Mischa Levitzki (also spelled Levitski; Міша Левицький (Miša Levycʹkyj); May 25, 1898 – January 2, 1941) was a Russian-born U.S.-based concert pianist and composer.

Levitzki was born in Kremenchuk, Ukraine (then part of the Russian Empire), to Jewish parents who were naturalised American citizens on a return trip to Ukraine. He was playing the violin at the age of three, but soon developed an interest in the piano, which he studied in Warsaw with Aleksander Michałowski before making his debut in Antwerp in 1906.

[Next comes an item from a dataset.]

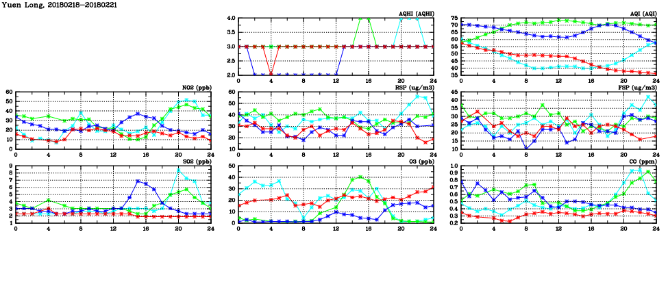 | Air Quality Data Time Series in Yuen Long (2018/02/21) | ( Line colors: Day -3 Day -2 Day -1 Current day ) | 2D Map Current AQHI |

In New York, his father brought him to the attention of Walter Damrosch, who obtained a scholarship for him at the Institute of Musical Art (now the Juilliard School) as a pupil of Zygmunt Stojowski, with whom he studied from 1907 to 1911. In 1913 Levitzki entered the Berlin Hochschule für Musik, where he became the youngest student of Ernst von Dohnányi and was awarded the Mendelssohn Prize in 1915. By this time he had performed throughout Europe and Scandinavia. He made his American debut in New York on October 17, 1916, at Aeolian Hall, and soon made his permanent home in the United States, later becoming an American citizen. Levitzki concertized worldwide up until the time of his death. He toured in the United States, Australia, New Zealand and Asia, making a reputation with his performances of the Romantic repertory. He was elected an honorary member of the Alpha chapter of Phi Mu Alpha Sinfonia fraternity at the New England Conservatory in 1917.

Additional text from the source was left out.